The Sustainable Growth Rate (SGR) was introduced in 1997, and has been a source of frustration and anxiety for lawmakers and physicians alike nearly ever since. The goal of the SGR was to limit spending on Medicare by setting annual spending targets. The idea was that if Medicare spending came in under the target for a year physicians would see an increase in payment rates the following year whereas, if spending exceeded the target they would see a reduction the following year to compensate. It didn’t work. And by 2003, after a nearly 5% drop in payments the previous year and another 5% scheduled to take effect in April Congress stuck a provision in an omnibus bill that replaced the 5% reductions with a 1.4% increase for the year. Since that time Congress has continued to pass such short term “doc fix” measures whenever the formula demanded cuts to Medicare reimbursements—17 times to be exact.
What is different about MACRA, the bill passed by the House in March and the Senate yesterday, which President Obama had already promised to sign, is that it eliminates the SGR completely. By this time, according to the SGR, Medicare reimbursement rates were set to be cut by a devastating 21% overnight—literally. The new rates went into effect on April 1, but because the Center for Medicare & Medicaid Services (CMS) does not process claims for 14 calendar days the first claims processed at the new rates would have been processed April 15. As it is, everyone should receive the full, pre-cut rates on all reimbursements.

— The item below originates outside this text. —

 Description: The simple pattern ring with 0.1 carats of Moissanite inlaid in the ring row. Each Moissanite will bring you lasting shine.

But the bill does more than just eliminate the SGR, something just about everyone agrees needed to happen. It also puts into place a new formula that represents at least the beginnings of a transition from a fee-for-service model to a pay-for-performance model. Under the plan reimbursement rates will go up 0.5% later this year, and continue to do so annually through 2019. They will then remain at the 2019 level through 2025, with the caveat that physicians in either of two payment models that will be offered will have the ability to earn what amount to performance based bonuses.
Some, including Paul Spitalnic, Chief Actuary for the CMS in a report released Friday, have expressed concerns about this replacement plan. While conceding that the SGR needed to go and thus MACRA represents a short-term victory, Spitalnic and others fear that what it is being replaced with is insufficient. Specifically, the report notes that when the pools of money that provide for the bonuses mentioned above run out in 2025 physicians are likely to see a rate reduction. Another concern is that the proposed long-term reimbursement increases are not sufficient to keep pace with future economic uncertainties such as higher inflation or the rising cost of medicine, particularly as physicians are being required to spend money on technology necessary to remain compliant with provisions of the Affordable Care Act like adopting electronic medical records. Spitalnic even suggests that under the new plan by 2048 physician payment rates will be lower than they would have been under SGR.

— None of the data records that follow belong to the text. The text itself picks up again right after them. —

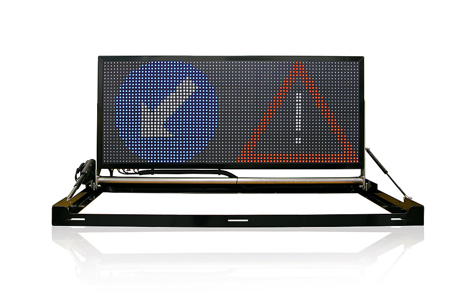 Die LED-Anzeige selbst ruht laut Berghaus in einem pulverbeschichteten Edelstahlrahmen (L × B × H: 1 830 mm × 1 023 mm × 200 mm), der an der Reling oder mit einem Lastenträger auf dem Dach eines Einsatz- oder Sicherungsfahrzeuges befestigt und mittels 12-V-Leitung versorgt wird. Im zusammengeklappten Zustand wird die LED-Matrix vor Witterungseinflüssen mit der Anzeigefläche nach unten geschützt.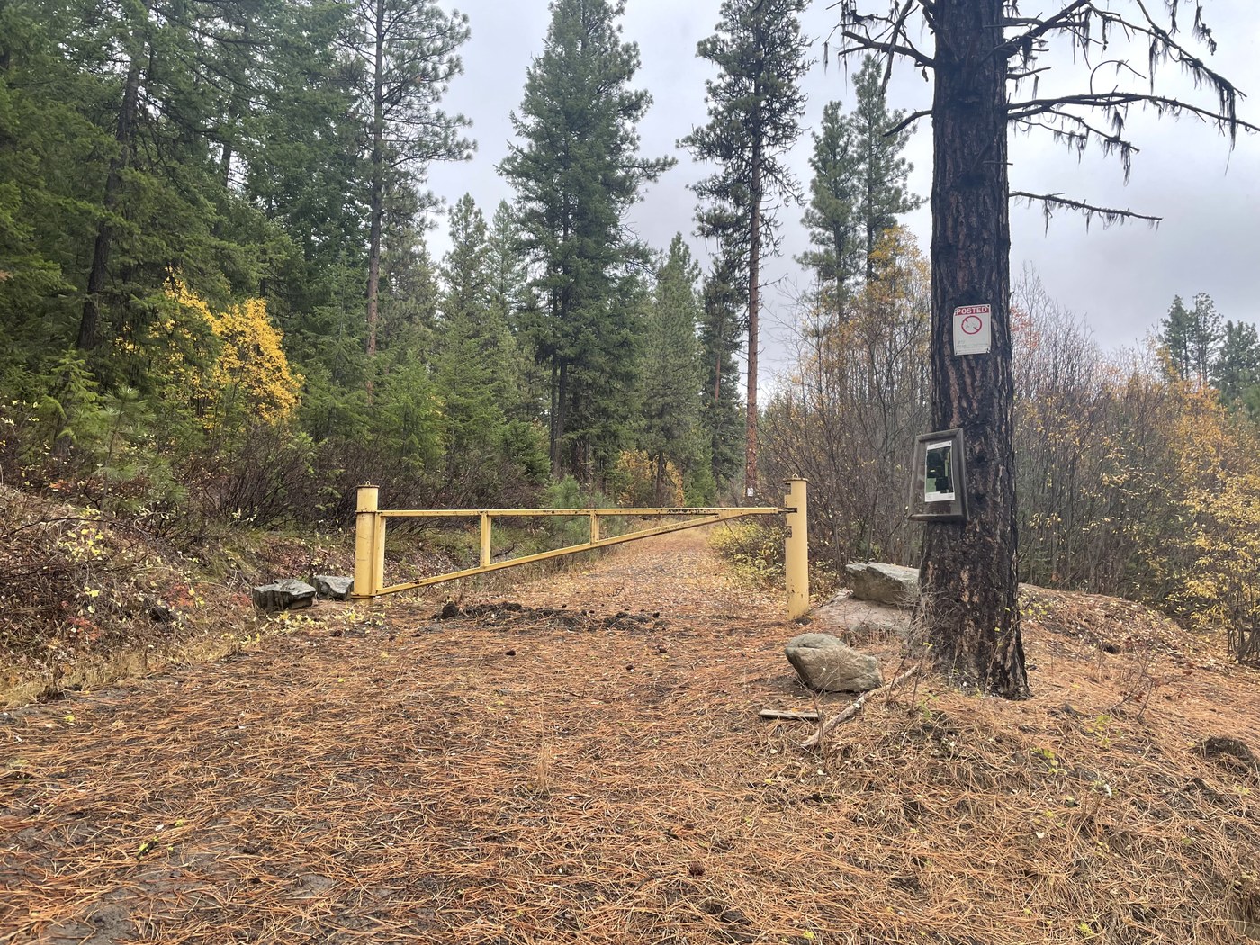 I drove to the parking area for the meadows and it's currently a staging area for some road work nearby. It's not possible to visit the meadows anyway without a special permit. The road behind the yellow DNR gate just beyond on the left leads up to the top of "Camas Mountain" which I walked instead.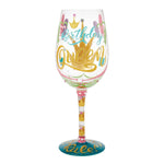 Raise a glass and celebrate like royalty with the Birthday Queen Wine Glass, a stunning hand-painted Lolita collectible, available exclusively at CountryNMoreGifts.com. Designed for the queen of the day, this dazzling wine glass is adorned with glittering crowns, twinkling stars, and a kaleidoscope of vibrant colors. Covered in bedazzled crystals and shimmering details, this glass is the ultimate way to toast to her special day in glamorous style.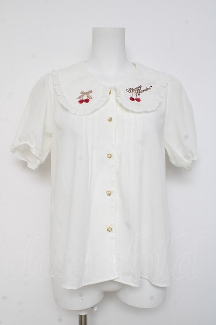 Amavel / Cherry刺繍入り配色リボンタイ付半袖ブラウス F 白 Y-26-03-09-100-CA-BL-SZ-ZY

While these concerns have some merit they seem to overlook the fact that for good or for ill such complex pieces of legislation almost never remain static for decades. It would seem reasonable to assume that between now and 2025 lawmakers will have time to observe and react to the implementation of this new payment model and to make adjustments as necessary. Perhaps that’s an overly optimistic outlook, but it seems that many in the healthcare community are feeling at least a little optimistic in the wake of an overwhelming bipartisan vote that achieved something so important to the stability of the healthcare industry.

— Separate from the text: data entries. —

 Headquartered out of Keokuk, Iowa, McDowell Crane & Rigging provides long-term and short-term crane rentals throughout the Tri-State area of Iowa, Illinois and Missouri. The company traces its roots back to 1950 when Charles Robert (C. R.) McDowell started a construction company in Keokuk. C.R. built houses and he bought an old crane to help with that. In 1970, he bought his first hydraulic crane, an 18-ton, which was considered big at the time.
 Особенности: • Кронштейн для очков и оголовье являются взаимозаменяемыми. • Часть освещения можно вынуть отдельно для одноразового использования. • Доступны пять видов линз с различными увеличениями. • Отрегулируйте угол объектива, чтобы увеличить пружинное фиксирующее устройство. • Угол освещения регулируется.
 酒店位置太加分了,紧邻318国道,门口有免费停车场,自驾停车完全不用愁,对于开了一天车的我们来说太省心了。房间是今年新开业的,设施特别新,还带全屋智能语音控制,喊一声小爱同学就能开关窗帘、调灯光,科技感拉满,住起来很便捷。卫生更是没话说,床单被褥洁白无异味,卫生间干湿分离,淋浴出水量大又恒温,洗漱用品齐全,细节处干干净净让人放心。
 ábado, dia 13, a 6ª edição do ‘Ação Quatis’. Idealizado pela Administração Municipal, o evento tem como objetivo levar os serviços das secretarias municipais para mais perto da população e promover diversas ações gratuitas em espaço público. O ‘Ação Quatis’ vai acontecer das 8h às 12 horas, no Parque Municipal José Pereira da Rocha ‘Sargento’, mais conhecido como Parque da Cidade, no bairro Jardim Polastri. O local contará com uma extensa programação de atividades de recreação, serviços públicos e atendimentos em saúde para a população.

In addition to eliminating the SGR and replacing it the Medicare Access and CHIP Reauthorization Act, as the name implies, reauthorizes the Children’s Health Insurance Program (CHIP) that provides low cost health coverage to children (and in some cases parents) whose family earning is too high for them to qualify for Medicaid. The bill authorizes a two-year extension after a failed attempt to pass an amendment extending it four years. In fact all six proposed amendments to the legislation failed. Finally, MACRA extends funding to health clinics that provide health coverage to low and moderate income patients across the country.
But what does it cost? Well, that’s not a particularly easy question to answer. Looking at it one way the cost is approximately $214 billion dollars. But the only way you get that number is by simply imagining that Congress let the SGR run its course and allowed Medicare payments to drop 21%. Politics aside, realistically no Congress is ever going to do that—as we’ve seen since 2003. Over the years the target rates have become a sort of legal fiction.
Nevertheless lawmakers did find a way to make up approximately $73 billon of that $214 billion by making some adjustments to what beneficiaries pay. These changes are relatively minor and include things like removing coverage of some small deductibles and raising Medicare Part B rates for those with relatively high salaries. Note that’s those with relatively high salaries, not those with very high salaries. In a move that is hard to understand without reverting to cynicism the new bill provides that seniors with single incomes between $133,500 and $214,000 or joint incomes between $267,000 and $428,000 will pay the increased Part B premiums. However, those whose incomes exceed the upper limits of these ranges, the wealthiest seniors, will not be subject to the increased premium rates. Not that this really affects many people at all, but it is curious.
Overall today feels like a huge victory for most in the healthcare community. The 21% drop in reimbursements was narrowly averted from taking effect even temporarily and, instead of kicking the can down the road for another year the Sustainable Growth Rate has been permanently repealed. Yes, there will be challenges over the next few years, but yesterday’s vote felt to most like a huge step in the right direction.